- Revival show's title card (2015)
- Also known as: Cilla's Surprise Surprise!
- Genre: Light entertainment
- Presented by: Cilla Black (1984–2001) Holly Willoughby (2012–2015)
- Starring: Christopher Biggins (1984) Bob Carolgees (1985–1995) Spit the Dog (1985–1995) Gordon Burns (1986–1991) Tessa Sanderson (1990–1992) Kian Egan (2012) Dave Berry (2012–2015) Marvin Humes (2013–2015) Mark Wright (2013–2015) Michael Underwood (2014–2015) Peter Andre (2014–2015) Matt Johnson (2015)
- Narrated by: Robin Houston (1984–2001)
- Country of origin: United Kingdom
- Original language: English
- No. of series: 14 (Original) 4 (Revival)
- No. of episodes: 128 (Original: inc. 9 specials) 23 (Revival: inc. 3 specials)

Production
- Production location: The London Studios
- Running time: 60 minutes (inc. adverts)
- Production companies: LWT (1984–2001) ITV Studios (2012–2015)

Original release
- Network: ITV
- Release: 6 May 1984 – 26 December 2001
- Release: 21 October 2012 – 26 December 2015

Related
- Jim'll Fix It Keith Lemon's LemonAid OMG! Jedward's Dream Factory

= Surprise Surprise (British TV series) =

British light entertainment television programme

Surprise Surprise is a British light entertainment television programme that aired in two iterations on ITV. The series originally ran from 6 May 1984 to 26 December 2001 and was hosted by Cilla Black, while a revival of the show aired from 21 October 2012 to 26 July 2015 with Holly Willoughby as host.

==Format==
Surprise Surprise was filmed in front of a studio audience. Its premise involved surprising members of the public with the fulfilment of long-held wishes, setting up tricks to fool members of the public, making prank calls to people, and reuniting guests with long-lost loved ones. Original host Cilla Black was initially assisted by Christopher Biggins, but more famously for eight series by Bob Carolgees, famous for his glove puppetry act Spit the Dog (who previously appeared in the first series with a puppet ferret), with Gordon Burns and Tessa Sanderson as roving reporters. Other featured acts were "Cilla-grams," where Black would perform a song in a musical sketch relevant to the surprise a person was receiving (for example, a soldier was celebrating his 21st birthday, so the featuring song Black sang was "Celebration" by Kool & The Gang).

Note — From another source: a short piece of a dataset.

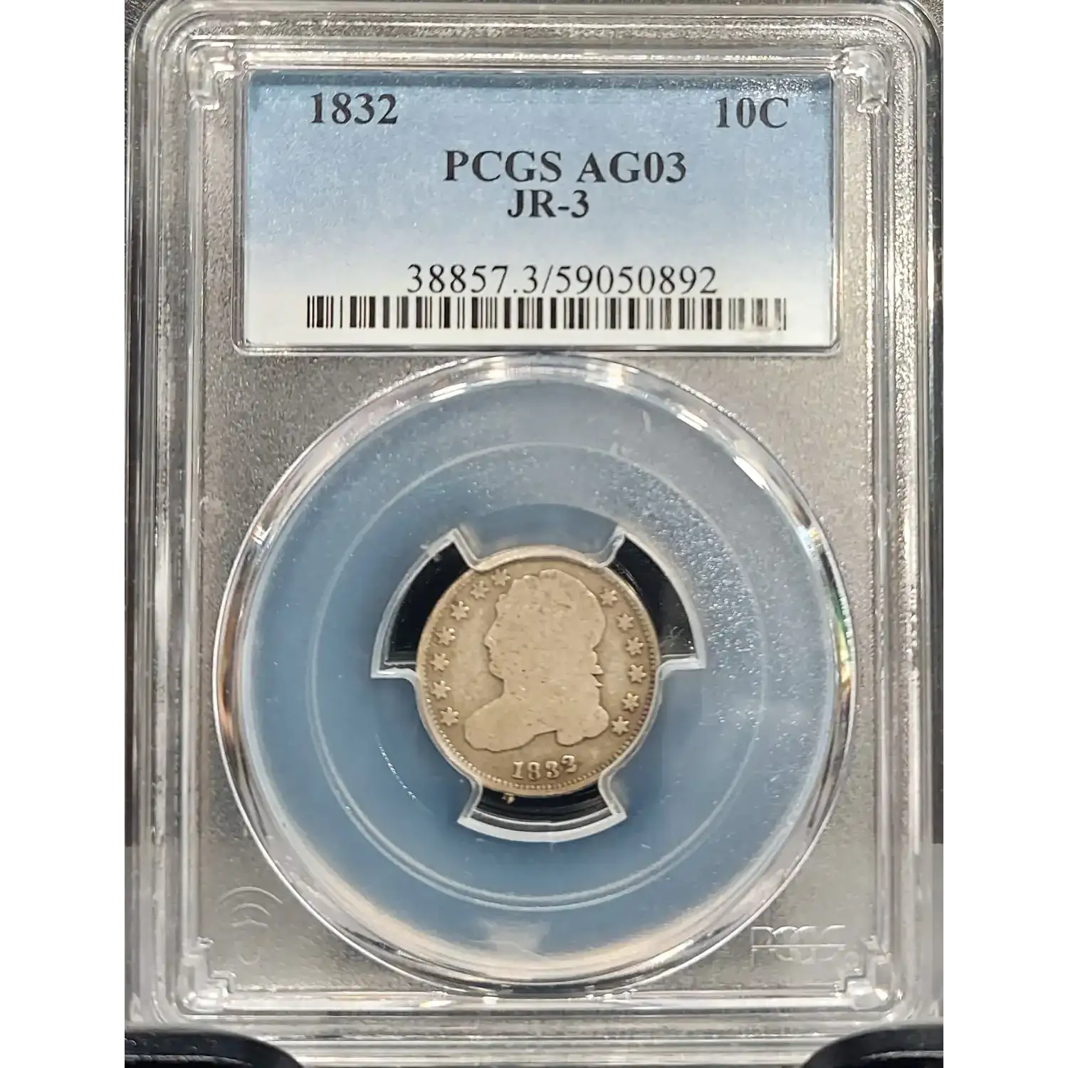 <header> 1832 CAPPED BUST DIME 10C JR-3 PCGS CERTIFIED AG 03 ABOUT GOOD (892)

The concept of the first series had been to film surprising and often unusual moments similar to those previously seen on Game for a Laugh. This included a phone game that used viewers numbers and answering questions to try and form a winning line. Others included dancing and sporting events, and there were surprise reunions between family members. The popularity of this element of the show led executive producer Alan Boyd to change the format slightly so that all items in subsequent series involved surprises, rather than just being surprising. Although including many pre-filmed inserts, the first series and some early episodes of the second series were televised live in their entirety, but thereafter all episodes were pre-recorded.

From 1984 to 1988, the show was broadcast on Sunday evenings. From 1989 to 1992, the show moved to Fridays, before returning to the Sunday evening timeslot from 1993 to 1996. The final series of the original run in 1997 was broadcast on Friday evenings. Between 1998 and 2001, a one-off special episode was produced per year which aired on Mother's Day from 1998 until 2000, and then at Christmas for 2001.

Over the years, the show had many special guests, some of whom appeared live, including Neil Diamond. Many variety acts were also featured on the show. The Spice Girls made their live debut on an episode in 1996.

===Revival===
In March 2012, it was announced that Holly Willoughby would host a revamped one-off episode of Surprise Surprise for ITV, although a full series was later announced. The series had six hour-long episodes, with episode 1 airing on 21 October 2012. A second series followed this in 2013, a third in 2014 and a fourth in 2015.

In the show, Willoughby is joined by various locations reporters, these have included Marvin Humes, Mark Wright, Dave Berry, Peter Andre and Matt Johnson.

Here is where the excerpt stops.